Problem requirements:
Nothing but the records, transcribed verbatim and stripped of images, should appear in the answer.

START Records shown

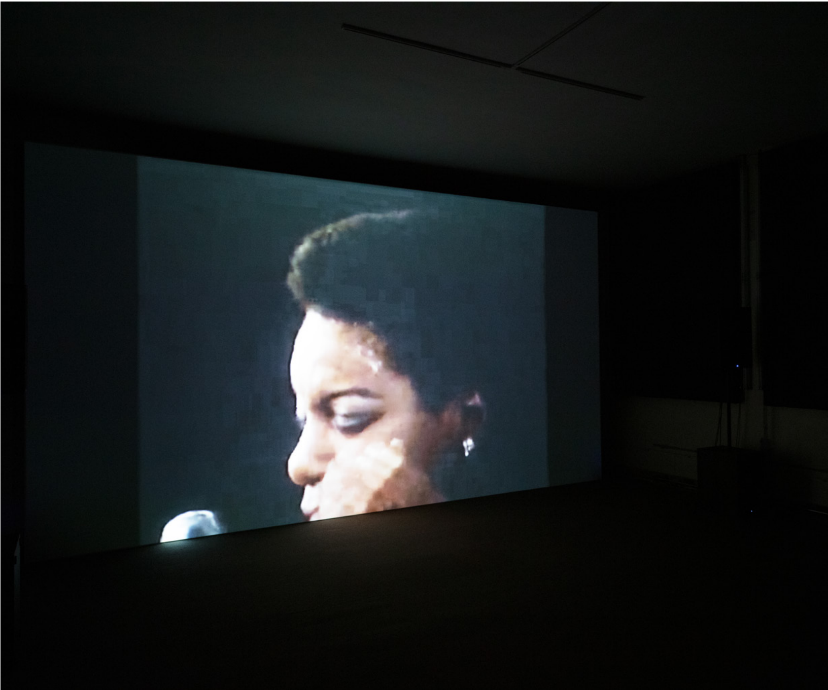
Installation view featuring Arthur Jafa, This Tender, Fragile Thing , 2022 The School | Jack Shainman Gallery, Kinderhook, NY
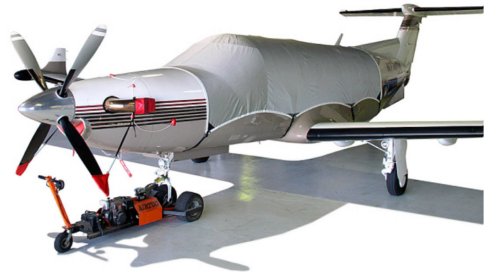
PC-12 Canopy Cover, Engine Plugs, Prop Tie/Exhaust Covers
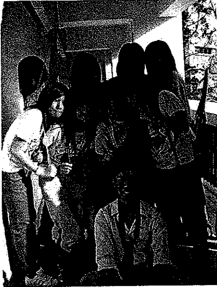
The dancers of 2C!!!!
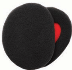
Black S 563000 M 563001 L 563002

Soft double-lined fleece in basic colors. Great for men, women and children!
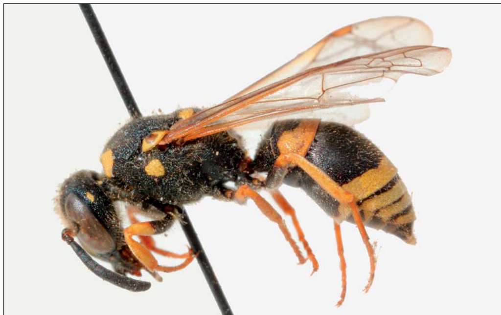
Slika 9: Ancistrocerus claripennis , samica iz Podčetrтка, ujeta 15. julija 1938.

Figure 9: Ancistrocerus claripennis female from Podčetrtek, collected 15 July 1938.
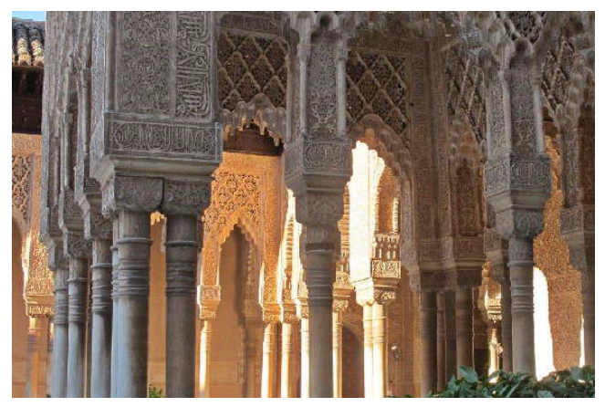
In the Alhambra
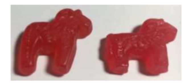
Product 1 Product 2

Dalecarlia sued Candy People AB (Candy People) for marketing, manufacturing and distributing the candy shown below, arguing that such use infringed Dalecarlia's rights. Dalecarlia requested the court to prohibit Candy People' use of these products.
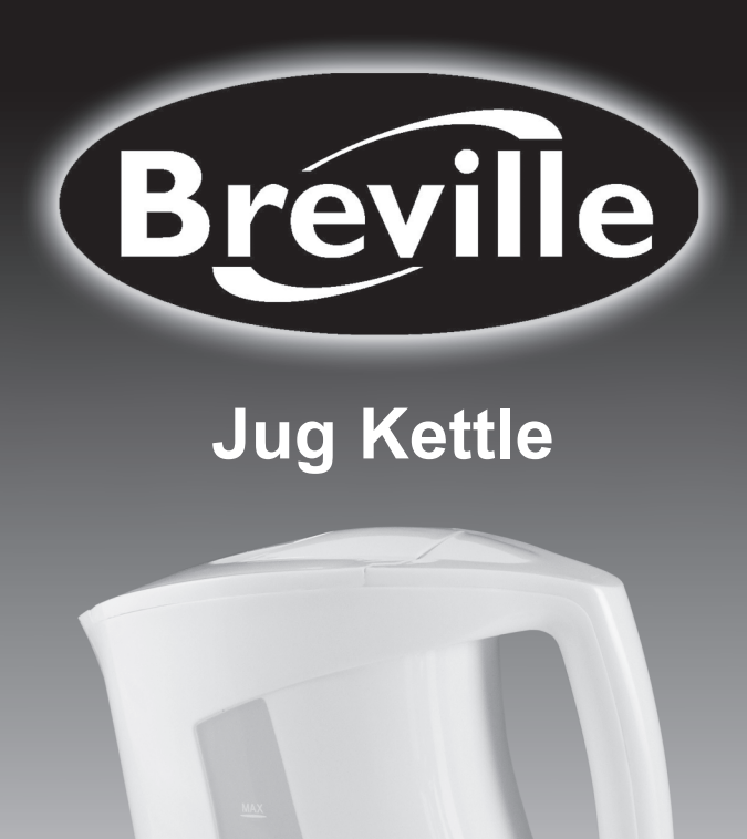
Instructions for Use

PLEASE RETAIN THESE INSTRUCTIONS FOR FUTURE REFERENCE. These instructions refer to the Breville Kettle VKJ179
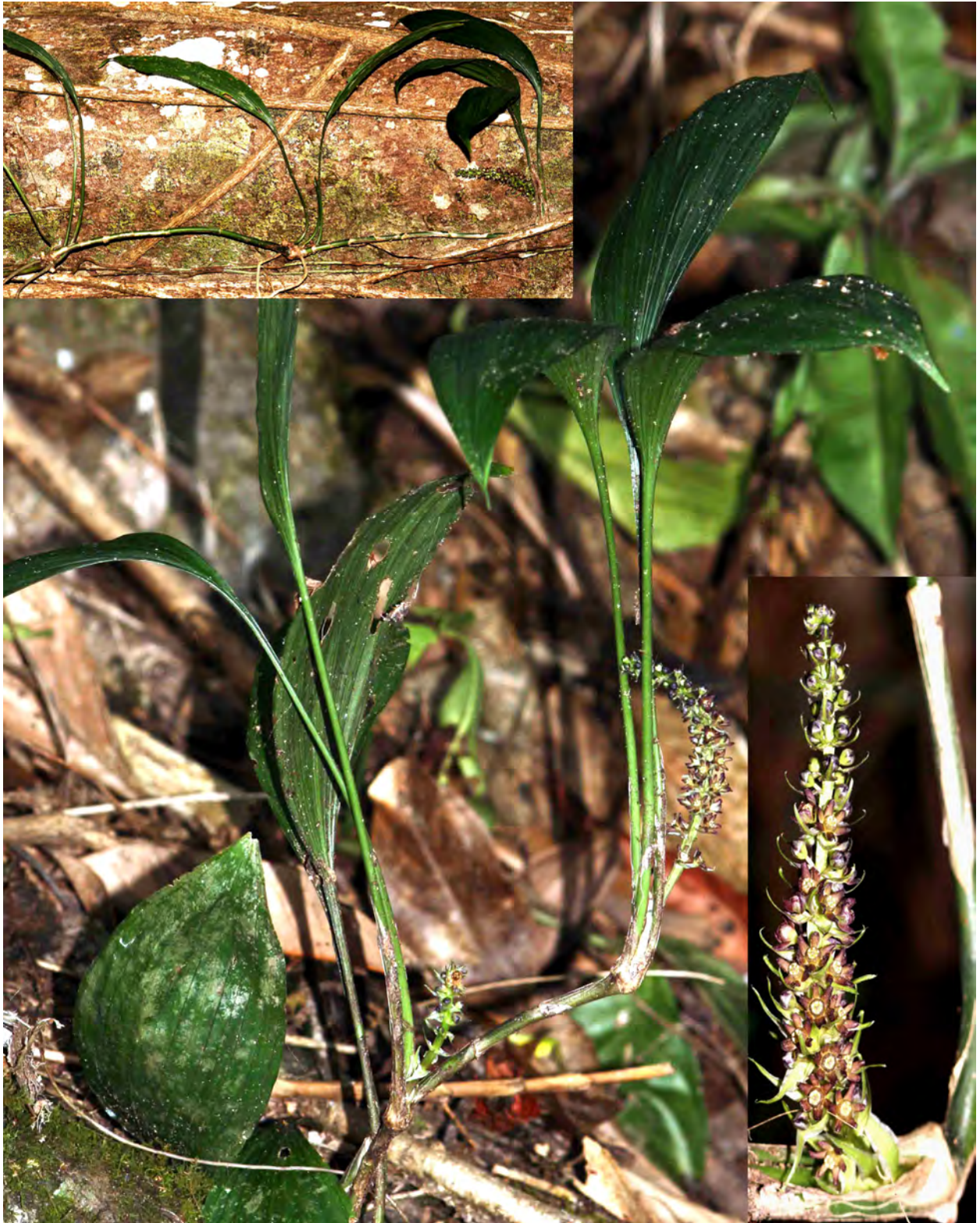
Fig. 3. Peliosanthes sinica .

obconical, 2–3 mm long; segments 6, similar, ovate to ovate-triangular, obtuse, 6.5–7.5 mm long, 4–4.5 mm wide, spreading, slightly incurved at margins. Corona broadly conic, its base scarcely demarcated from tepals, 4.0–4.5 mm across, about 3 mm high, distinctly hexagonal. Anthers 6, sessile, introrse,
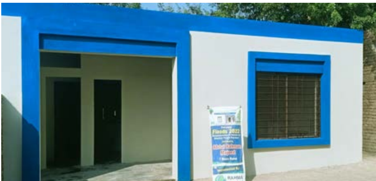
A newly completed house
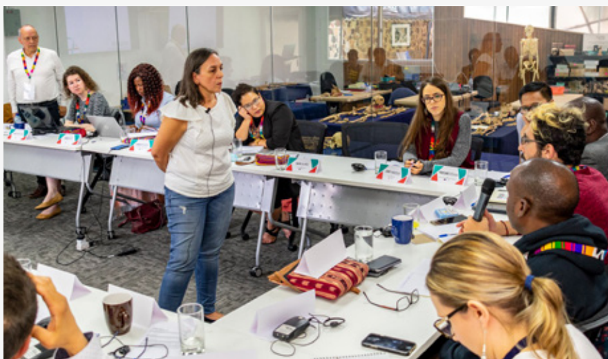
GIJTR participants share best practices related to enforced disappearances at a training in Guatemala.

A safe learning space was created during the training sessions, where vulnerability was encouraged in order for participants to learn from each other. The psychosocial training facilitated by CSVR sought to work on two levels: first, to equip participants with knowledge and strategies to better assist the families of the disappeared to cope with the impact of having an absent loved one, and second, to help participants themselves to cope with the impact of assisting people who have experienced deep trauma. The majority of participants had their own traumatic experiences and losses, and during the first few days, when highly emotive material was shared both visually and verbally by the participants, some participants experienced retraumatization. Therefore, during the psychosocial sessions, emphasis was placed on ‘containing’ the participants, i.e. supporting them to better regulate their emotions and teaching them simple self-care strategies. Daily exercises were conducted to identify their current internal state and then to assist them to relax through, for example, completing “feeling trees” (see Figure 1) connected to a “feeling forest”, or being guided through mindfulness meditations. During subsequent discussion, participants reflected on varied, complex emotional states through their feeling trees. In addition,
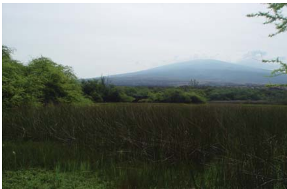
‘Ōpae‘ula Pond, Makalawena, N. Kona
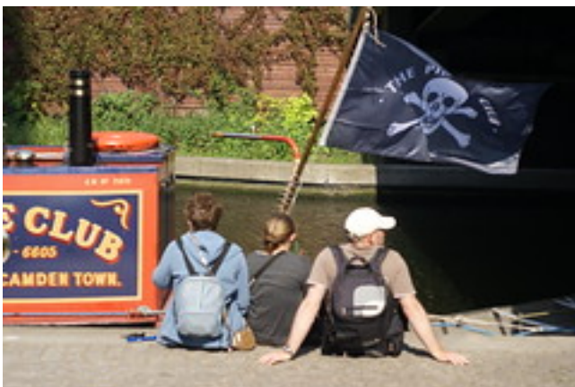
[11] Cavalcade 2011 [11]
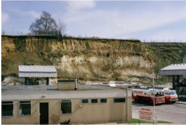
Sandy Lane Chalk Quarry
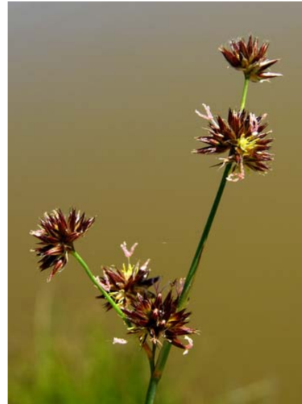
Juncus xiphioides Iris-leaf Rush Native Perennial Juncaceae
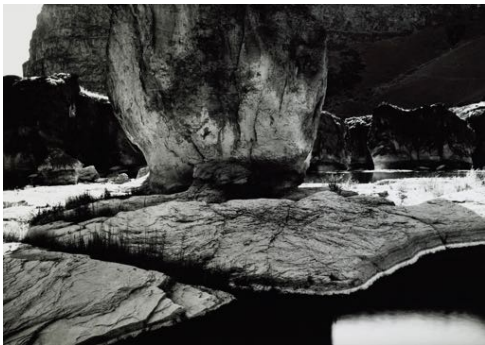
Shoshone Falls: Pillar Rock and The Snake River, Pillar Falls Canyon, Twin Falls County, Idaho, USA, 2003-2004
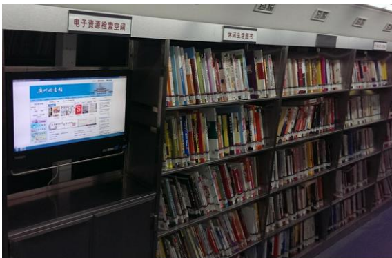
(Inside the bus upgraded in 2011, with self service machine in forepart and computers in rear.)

END Records shown

Written solution:
Installation view featuring Arthur Jafa, This Tender, Fragile Thing , 2022 The School | Jack Shainman Gallery, Kinderhook, NY
PC-12 Canopy Cover, Engine Plugs, Prop Tie/Exhaust Covers
The dancers of 2C!!!!
Black S 563000 M 563001 L 563002

Soft double-lined fleece in basic colors. Great for men, women and children!
Slika 9: Ancistrocerus claripennis , samica iz Podčetrтка, ujeta 15. julija 1938.

Figure 9: Ancistrocerus claripennis female from Podčetrtek, collected 15 July 1938.
In the Alhambra
Product 1 Product 2

Dalecarlia sued Candy People AB (Candy People) for marketing, manufacturing and distributing the candy shown below, arguing that such use infringed Dalecarlia's rights. Dalecarlia requested the court to prohibit Candy People' use of these products.
Instructions for Use

PLEASE RETAIN THESE INSTRUCTIONS FOR FUTURE REFERENCE. These instructions refer to the Breville Kettle VKJ179
Fig. 3. Peliosanthes sinica .

obconical, 2–3 mm long; segments 6, similar, ovate to ovate-triangular, obtuse, 6.5–7.5 mm long, 4–4.5 mm wide, spreading, slightly incurved at margins. Corona broadly conic, its base scarcely demarcated from tepals, 4.0–4.5 mm across, about 3 mm high, distinctly hexagonal. Anthers 6, sessile, introrse,
A newly completed house
GIJTR participants share best practices related to enforced disappearances at a training in Guatemala.

A safe learning space was created during the training sessions, where vulnerability was encouraged in order for participants to learn from each other. The psychosocial training facilitated by CSVR sought to work on two levels: first, to equip participants with knowledge and strategies to better assist the families of the disappeared to cope with the impact of having an absent loved one, and second, to help participants themselves to cope with the impact of assisting people who have experienced deep trauma. The majority of participants had their own traumatic experiences and losses, and during the first few days, when highly emotive material was shared both visually and verbally by the participants, some participants experienced retraumatization. Therefore, during the psychosocial sessions, emphasis was placed on ‘containing’ the participants, i.e. supporting them to better regulate their emotions and teaching them simple self-care strategies. Daily exercises were conducted to identify their current internal state and then to assist them to relax through, for example, completing “feeling trees” (see Figure 1) connected to a “feeling forest”, or being guided through mindfulness meditations. During subsequent discussion, participants reflected on varied, complex emotional states through their feeling trees. In addition,
‘Ōpae‘ula Pond, Makalawena, N. Kona
[11] Cavalcade 2011 [11]
Sandy Lane Chalk Quarry
Juncus xiphioides Iris-leaf Rush Native Perennial Juncaceae
Shoshone Falls: Pillar Rock and The Snake River, Pillar Falls Canyon, Twin Falls County, Idaho, USA, 2003-2004
(Inside the bus upgraded in 2011, with self service machine in forepart and computers in rear.)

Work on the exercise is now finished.